I want University to teach people how to be personable, so they can do better at business. I want, I hope, I dream that all my nieces and nephews can be caring humans.

People used do ask me in the USA, how can you sell two houses per week? And my reply was,
“I say hi to people, all people, big, small, rich, or poor, ugly.”

I was not worried about my social status, therefore I had more friends, but maybe lower social status, but more money, nothing ever is as easy to understand as it seems.

Contrary to what you think, the more people you know, the higher your net social status, I suppose there is gross and net.

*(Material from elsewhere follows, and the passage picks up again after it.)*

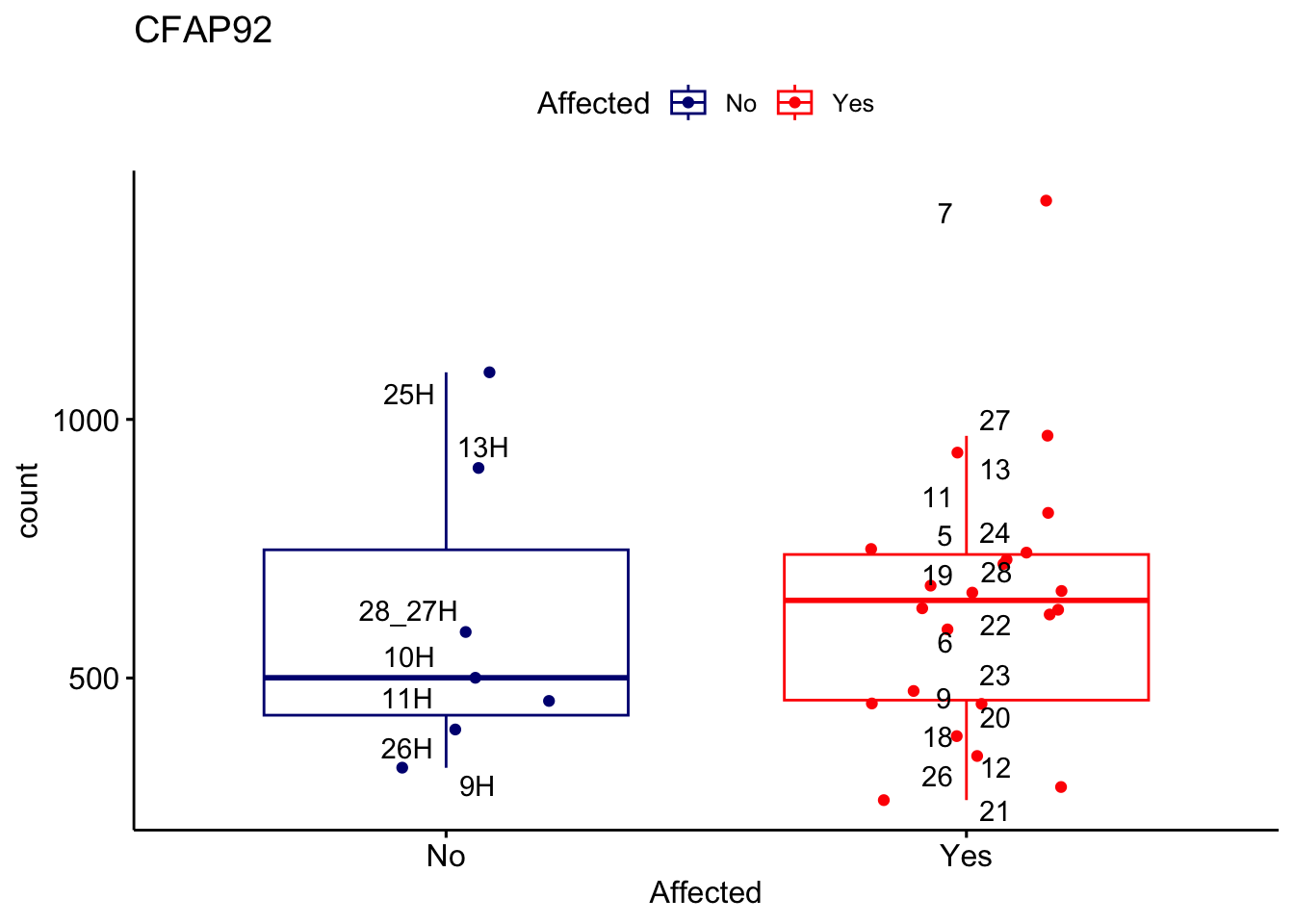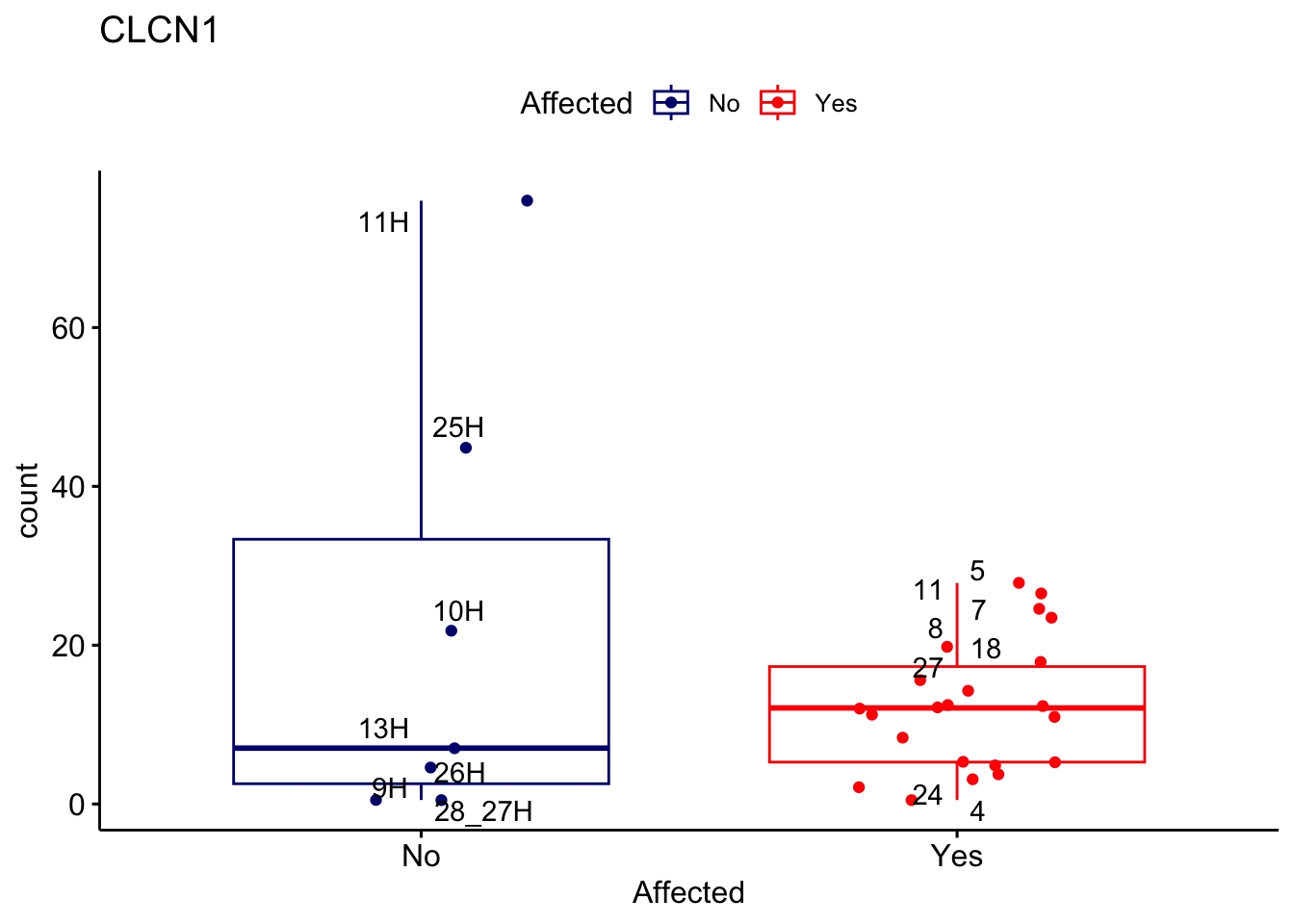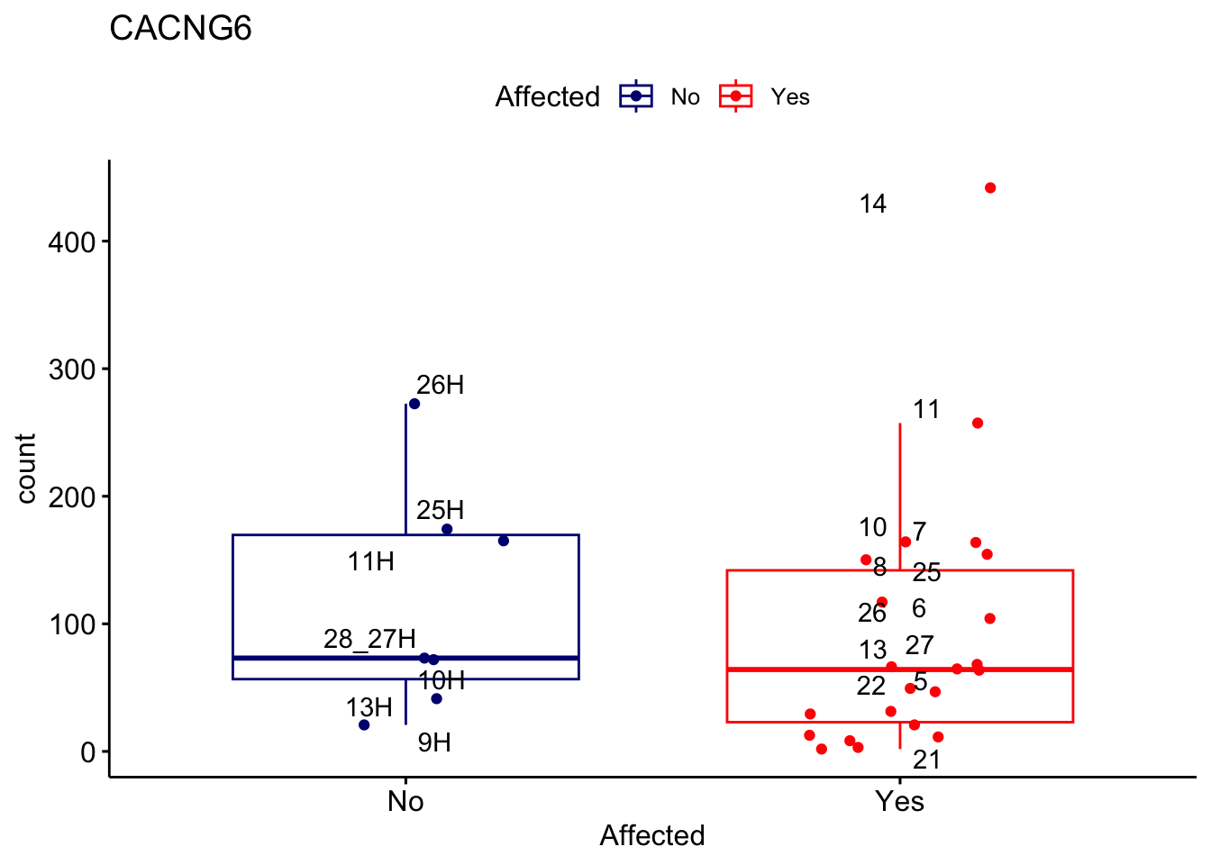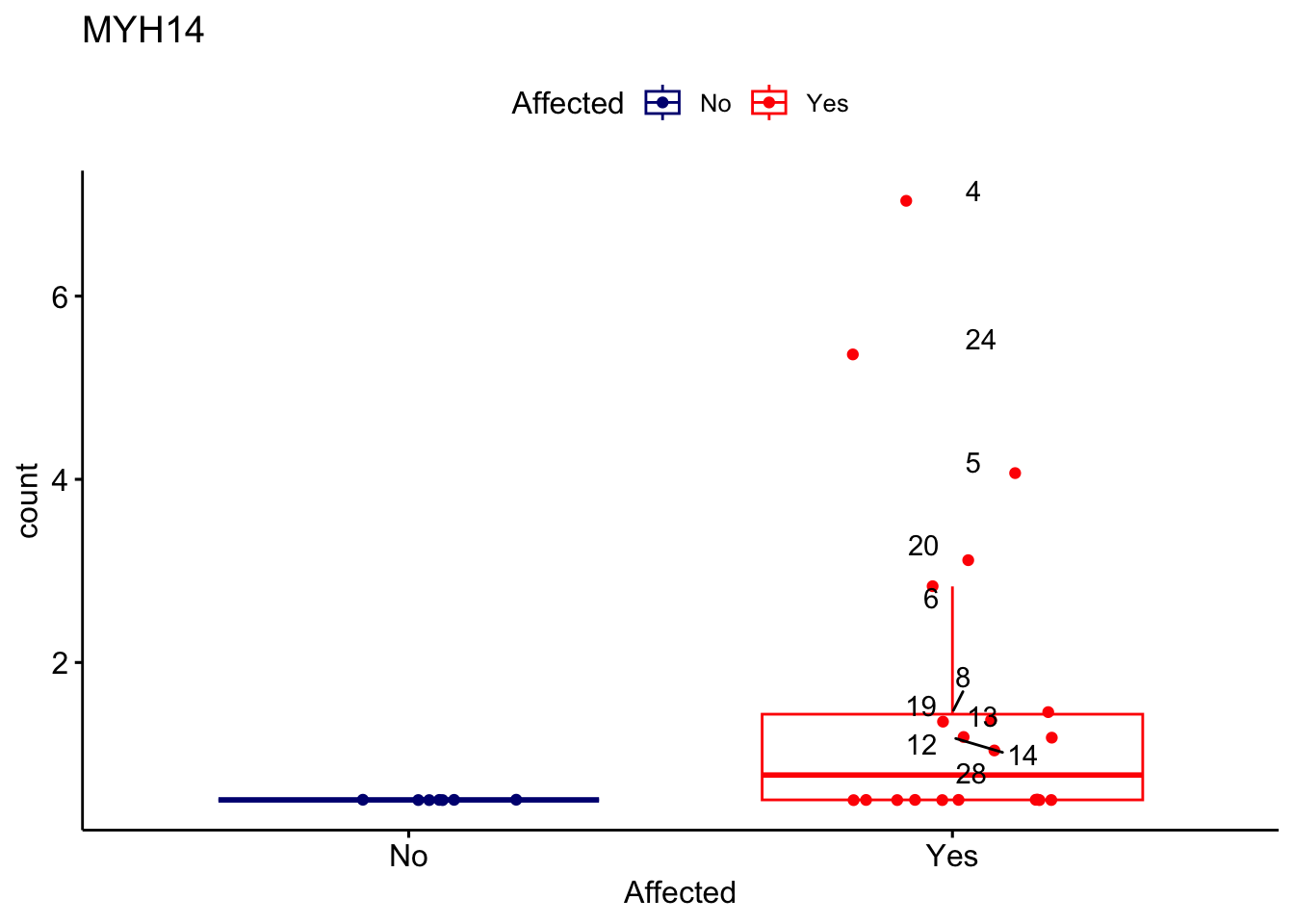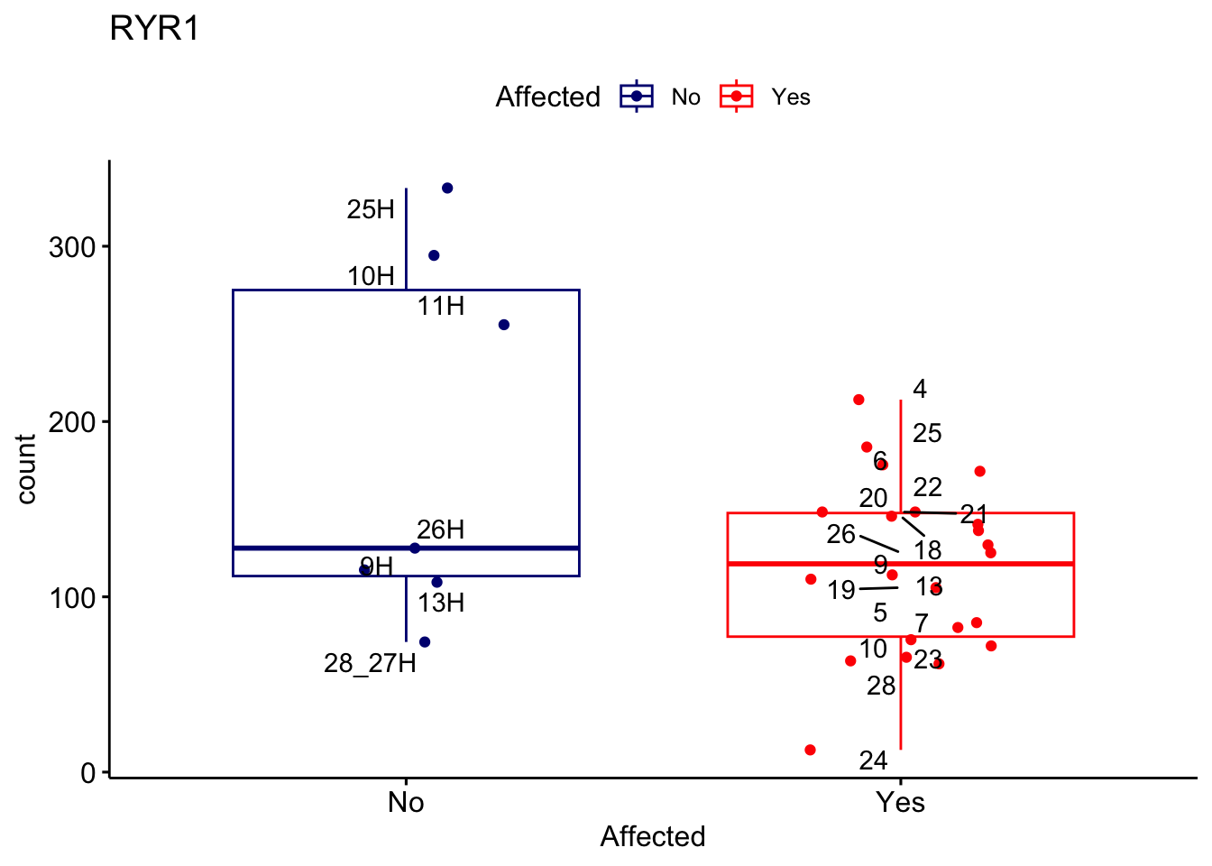 ggplot_box <- ggboxplot(d, x="Affected", y="count", add = "jitter", color = "Affected", palette = c("navy", "red"), title = gene_name) + geom_text_repel(aes(label = rownames(d)))

Funny, I am probably in the top 10 richest people in this city, but walking and taking Motos makes me in the lower 50 percent as social status, exactly what I want, demonstration of lower value. DLV is me, hiding in plane sight.

I am studying French 3-4 hours per day here in Benin, it is tiresome, but needed, the only way to know, to understand, and to flirt properly, is to use a few words here and there with these Benin tribal girls.

Mainly, I need French words to decode their age, they look 26, and often are below the speed limit, body language does not tell age well, only prying questions can stop the lies. As best I can tell, in West Africa, a 30 year old girl is 18, and a 15 year old girl is 18, that must be the optimal age.

Flirting or too much personal contact is not dangerous here, at least not for me, a man, but maybe the men here have no respect for woman, as is normal on planet earth. It is really tiresome to enforce respectful behavior from brutes, and in the USA, I cannot be bothered, it is not worth the hassle.

Many people in Africa can invite themselves over to visit, and according to the Hotel, the braver they are. Unfortunately and fortunately, I am in the Bellevue Hotel, one of the upper end Hotels in Natitingou.

It is too high class for the low class, and too high class to have friends; there is always a fine line.

Most people in Nati do not feel up to entering it, it is socially a little to high for their confidence level. This mean, the riffraff, I really did not ask you to visit me people refuse to enter which is a good thing, but I also lose potential friends.

But too many boundaries, too many guards, there are 100’s of ways to avoid person contact, the best being driving your own car in Africa.

Too many boundaries, too many rules, and too few friends.

Yet, I have 100’s of people here in Nati in one week to nod my head at, wink at the girls, or say Ca Va!

Yet, it is always a challenge to have a meeting of the minds, to have two of us on the same level mentally.

The Live Abroad and Still Have Intelligence - Solution is Here
I am in West Africa, within the next year, it will be possible to have Internet by USB modem in every country, and ever Hotel room on the planet. I mean, I can always call me married friends, and discuss whether Obama is an idiot? If you want to call that an intelligent conversation…

Read the article, and ask yourself:
“Am I a personable, friendly person?”

If the answer is no, and you just cannot seem to sign up for enough online dating sites, maybe you need to learn to flirt. If you are on Facebook more than one hour per day, and then think about your ability to flirt, do you know how to flirt, do you give yourself permission?

If you cannot sell a thing, maybe you need to understand that body language sells you; it is up close and personal.

On a funny note, it is always annoying in India, the boys are always flirting with me, and the girls stay away. There are many man cultures, like Niger Africa, the Islamic boys are that way, I avoid them, I have no desire to hang around and listen to men talk about sports, smoke cigarettes, and drink.

But, please, all you men, who like men, who can only be friend with the boys, who want to talk about sports, keep on doing do it, please do not stop. I enjoy all these extra women, with nobody to talk to but me, it is a tough life I live.

I enjoy people who say,
“I am private person,”
The are giving me notice, up front and honest, no point in talking with this person, he or she has too many rules to be worth the effort, there is no way to break down that type of indifference, and fear.

Learn to stop being PC, political correct, and become personable, and childlike, and come out an play.